▸ **TASK TO CARRY OUT**:
Print, exactly as they appear in the listing below, the lines from the line with "Магнитная броненакладка DiSec" to the line with "360 ° Attelage", with both end lines kept.

▸ **DATASET**:
^^^^^^^^^^^^^^^^

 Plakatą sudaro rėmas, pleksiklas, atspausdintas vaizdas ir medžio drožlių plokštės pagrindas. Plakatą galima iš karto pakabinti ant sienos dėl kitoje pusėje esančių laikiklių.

^^^^^^^^^^^^^^^^

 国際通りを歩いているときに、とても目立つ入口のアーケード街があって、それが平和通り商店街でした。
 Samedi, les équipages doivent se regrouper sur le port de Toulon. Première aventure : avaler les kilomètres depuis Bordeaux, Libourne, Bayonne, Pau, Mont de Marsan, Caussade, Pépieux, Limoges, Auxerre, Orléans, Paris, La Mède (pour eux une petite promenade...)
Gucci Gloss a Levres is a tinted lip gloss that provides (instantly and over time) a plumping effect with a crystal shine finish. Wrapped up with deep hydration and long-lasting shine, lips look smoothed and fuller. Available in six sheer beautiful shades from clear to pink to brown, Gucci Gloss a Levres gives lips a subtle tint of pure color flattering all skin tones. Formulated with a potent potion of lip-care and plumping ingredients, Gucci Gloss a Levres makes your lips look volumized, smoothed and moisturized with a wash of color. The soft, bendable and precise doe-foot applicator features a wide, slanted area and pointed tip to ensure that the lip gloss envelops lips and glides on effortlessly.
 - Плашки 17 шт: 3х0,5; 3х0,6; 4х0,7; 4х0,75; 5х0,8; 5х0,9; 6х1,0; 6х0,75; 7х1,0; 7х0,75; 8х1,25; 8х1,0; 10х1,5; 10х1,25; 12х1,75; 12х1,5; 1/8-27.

^^^^^^^^^^^^^^^^

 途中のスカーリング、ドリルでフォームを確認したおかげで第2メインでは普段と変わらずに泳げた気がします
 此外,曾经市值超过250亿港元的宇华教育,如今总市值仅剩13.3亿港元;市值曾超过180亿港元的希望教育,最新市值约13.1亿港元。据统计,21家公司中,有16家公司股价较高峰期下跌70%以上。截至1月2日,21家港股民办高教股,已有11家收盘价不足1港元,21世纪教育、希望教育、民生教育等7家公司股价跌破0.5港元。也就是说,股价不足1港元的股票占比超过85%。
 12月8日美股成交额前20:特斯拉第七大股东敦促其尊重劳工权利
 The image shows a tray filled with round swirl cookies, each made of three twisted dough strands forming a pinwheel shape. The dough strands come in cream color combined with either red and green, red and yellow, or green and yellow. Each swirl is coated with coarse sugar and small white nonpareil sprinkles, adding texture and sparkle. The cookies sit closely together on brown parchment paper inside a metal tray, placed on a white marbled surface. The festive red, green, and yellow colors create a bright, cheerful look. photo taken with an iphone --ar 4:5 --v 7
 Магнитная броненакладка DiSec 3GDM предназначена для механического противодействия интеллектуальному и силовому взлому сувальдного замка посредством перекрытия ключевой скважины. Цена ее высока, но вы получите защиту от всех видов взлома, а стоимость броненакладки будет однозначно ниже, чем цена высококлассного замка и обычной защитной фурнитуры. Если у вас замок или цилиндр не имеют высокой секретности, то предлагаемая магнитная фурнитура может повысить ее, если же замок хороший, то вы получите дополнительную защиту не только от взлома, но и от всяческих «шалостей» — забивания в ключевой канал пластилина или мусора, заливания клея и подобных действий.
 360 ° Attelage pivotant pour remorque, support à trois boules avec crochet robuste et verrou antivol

^^^^^^^^^^^^^^^^

▸ **RESPONSE BELOW**:
 Магнитная броненакладка DiSec 3GDM предназначена для механического противодействия интеллектуальному и силовому взлому сувальдного замка посредством перекрытия ключевой скважины. Цена ее высока, но вы получите защиту от всех видов взлома, а стоимость броненакладки будет однозначно ниже, чем цена высококлассного замка и обычной защитной фурнитуры. Если у вас замок или цилиндр не имеют высокой секретности, то предлагаемая магнитная фурнитура может повысить ее, если же замок хороший, то вы получите дополнительную защиту не только от взлома, но и от всяческих «шалостей» — забивания в ключевой канал пластилина или мусора, заливания клея и подобных действий.
 360 ° Attelage pivotant pour remorque, support à trois boules avec crochet robuste et verrou antivol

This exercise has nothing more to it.